== DIRECTIONS ==
Leave the pictures out and reproduce, exactly, the lines from the one with "在與會(huì)人員的共同見" through the end of the entries below.

== ENTRIES SHOWN ==
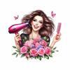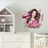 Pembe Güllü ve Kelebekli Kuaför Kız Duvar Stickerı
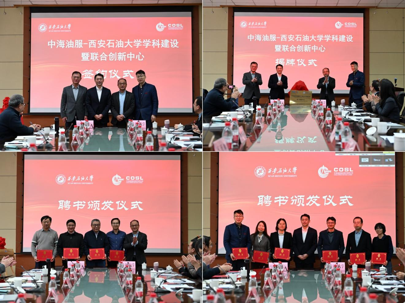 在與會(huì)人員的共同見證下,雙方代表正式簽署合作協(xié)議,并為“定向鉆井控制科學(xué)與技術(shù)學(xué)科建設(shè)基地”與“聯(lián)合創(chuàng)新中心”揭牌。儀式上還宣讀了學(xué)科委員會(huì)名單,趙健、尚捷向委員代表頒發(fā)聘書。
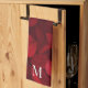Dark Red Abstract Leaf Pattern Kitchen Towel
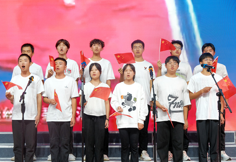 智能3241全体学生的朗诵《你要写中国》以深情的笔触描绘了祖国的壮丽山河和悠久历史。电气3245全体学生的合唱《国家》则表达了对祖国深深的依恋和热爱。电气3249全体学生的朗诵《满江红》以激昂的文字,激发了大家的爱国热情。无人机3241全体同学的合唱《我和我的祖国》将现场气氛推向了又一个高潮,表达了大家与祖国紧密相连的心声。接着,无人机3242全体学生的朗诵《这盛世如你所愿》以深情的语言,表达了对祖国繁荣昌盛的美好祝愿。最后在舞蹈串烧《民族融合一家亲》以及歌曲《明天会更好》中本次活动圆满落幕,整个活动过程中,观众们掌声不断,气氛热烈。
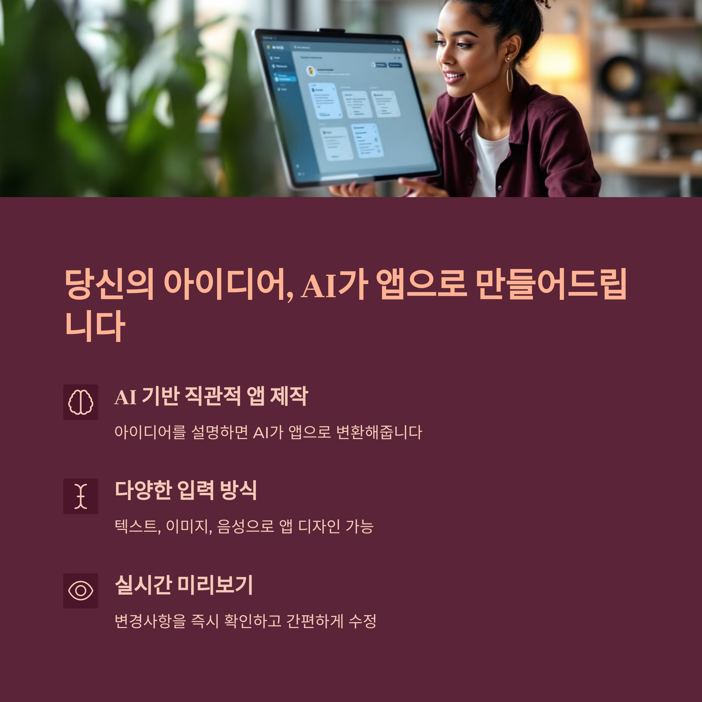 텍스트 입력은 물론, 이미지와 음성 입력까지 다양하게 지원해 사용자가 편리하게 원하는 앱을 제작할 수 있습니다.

== TASK SOLUTION ==
 在與會(huì)人員的共同見證下,雙方代表正式簽署合作協(xié)議,并為“定向鉆井控制科學(xué)與技術(shù)學(xué)科建設(shè)基地”與“聯(lián)合創(chuàng)新中心”揭牌。儀式上還宣讀了學(xué)科委員會(huì)名單,趙健、尚捷向委員代表頒發(fā)聘書。
Dark Red Abstract Leaf Pattern Kitchen Towel
 智能3241全体学生的朗诵《你要写中国》以深情的笔触描绘了祖国的壮丽山河和悠久历史。电气3245全体学生的合唱《国家》则表达了对祖国深深的依恋和热爱。电气3249全体学生的朗诵《满江红》以激昂的文字,激发了大家的爱国热情。无人机3241全体同学的合唱《我和我的祖国》将现场气氛推向了又一个高潮,表达了大家与祖国紧密相连的心声。接着,无人机3242全体学生的朗诵《这盛世如你所愿》以深情的语言,表达了对祖国繁荣昌盛的美好祝愿。最后在舞蹈串烧《民族融合一家亲》以及歌曲《明天会更好》中本次活动圆满落幕,整个活动过程中,观众们掌声不断,气氛热烈。
 텍스트 입력은 물론, 이미지와 음성 입력까지 다양하게 지원해 사용자가 편리하게 원하는 앱을 제작할 수 있습니다.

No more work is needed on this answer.